* _AIM OF THE TASK_:
Both the line below containing "緑色の紙に好きな言葉を書いて白い手袋に入れるという参加型のアート作品。" and the line containing "Cztery wyjątkowe filmy", along with every line between them, should be repeated exactly; no other line belongs in the answer.

* _DATA FOR PROCESSING_:
★ ★ ★
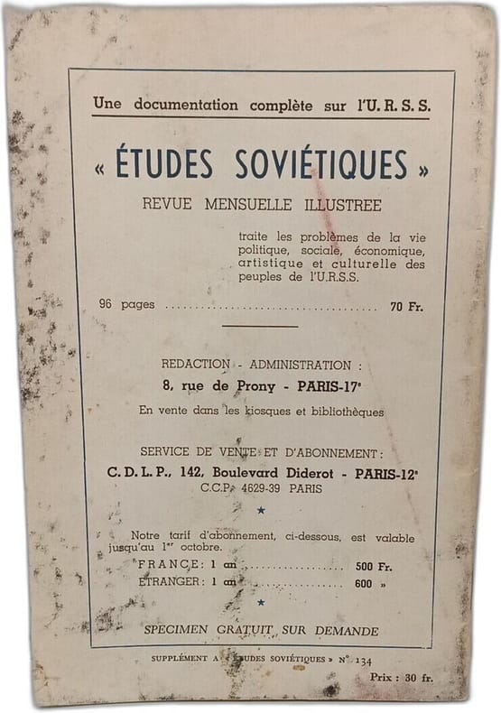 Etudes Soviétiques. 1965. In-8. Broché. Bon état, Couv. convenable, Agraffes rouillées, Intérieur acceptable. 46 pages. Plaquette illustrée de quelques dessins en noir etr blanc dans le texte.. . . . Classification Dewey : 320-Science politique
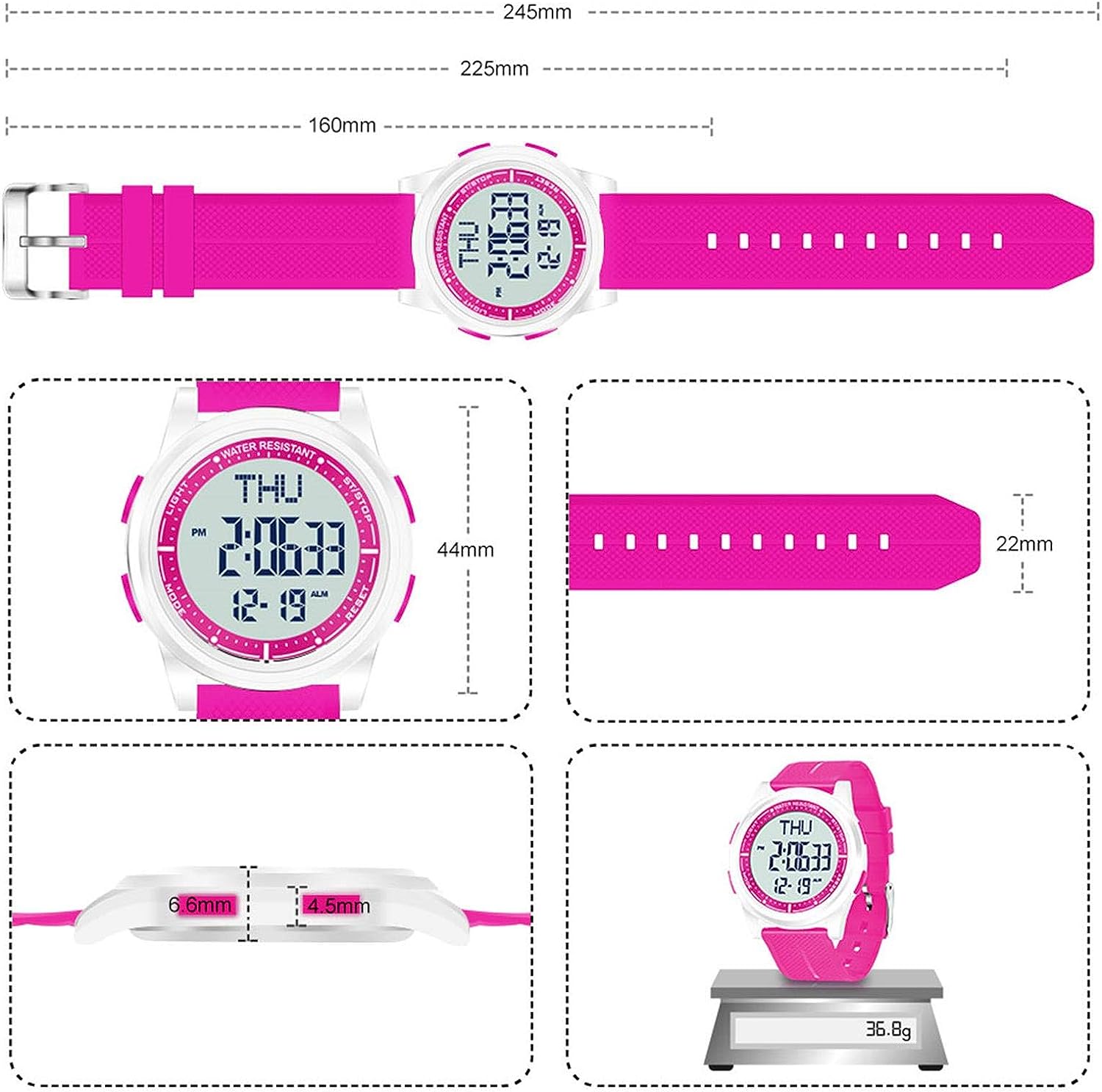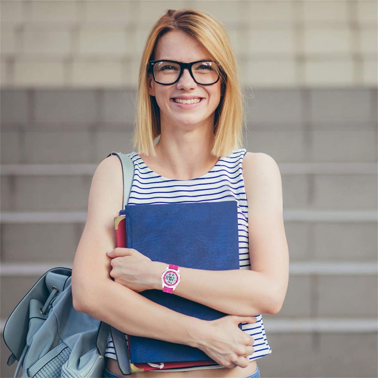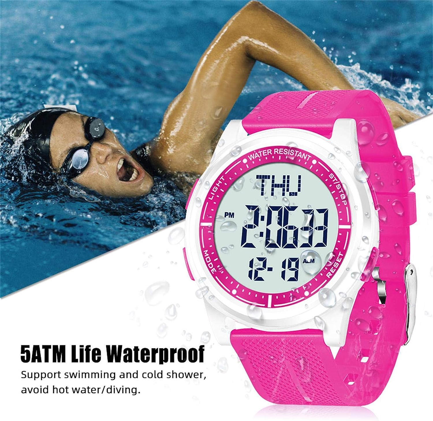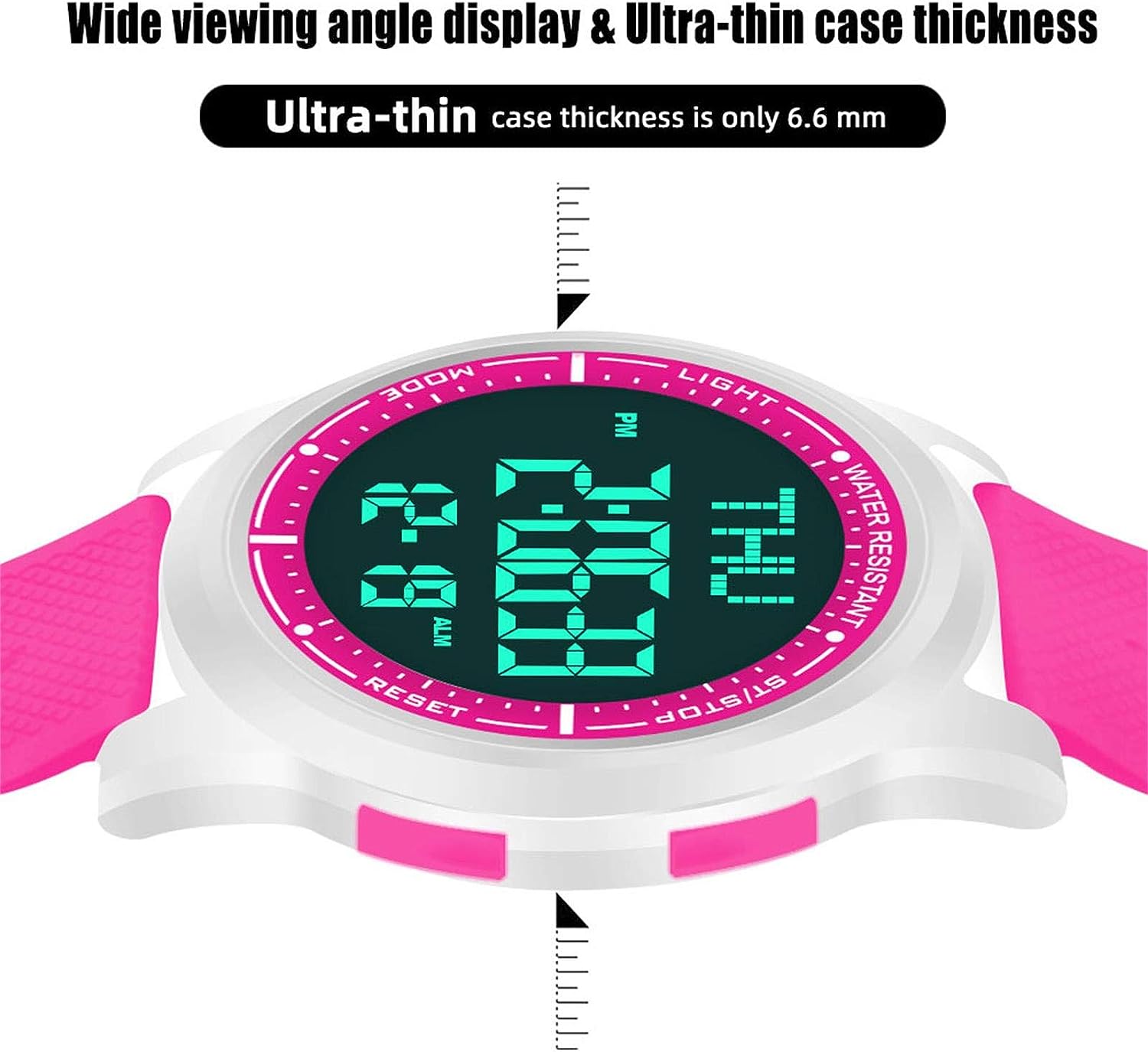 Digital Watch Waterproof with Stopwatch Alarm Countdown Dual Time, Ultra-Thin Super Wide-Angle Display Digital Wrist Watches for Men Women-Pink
★ ★ ★
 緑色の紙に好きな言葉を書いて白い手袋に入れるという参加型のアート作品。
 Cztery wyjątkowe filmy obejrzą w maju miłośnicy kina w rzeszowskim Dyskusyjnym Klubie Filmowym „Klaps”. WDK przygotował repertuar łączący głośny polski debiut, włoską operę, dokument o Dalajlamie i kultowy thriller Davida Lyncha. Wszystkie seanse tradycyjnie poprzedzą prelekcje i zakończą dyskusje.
★ ★ ★
* _SOLUTION FOR THIS PROBLEM_:
 緑色の紙に好きな言葉を書いて白い手袋に入れるという参加型のアート作品。
 Cztery wyjątkowe filmy obejrzą w maju miłośnicy kina w rzeszowskim Dyskusyjnym Klubie Filmowym „Klaps”. WDK przygotował repertuar łączący głośny polski debiut, włoską operę, dokument o Dalajlamie i kultowy thriller Davida Lyncha. Wszystkie seanse tradycyjnie poprzedzą prelekcje i zakończą dyskusje.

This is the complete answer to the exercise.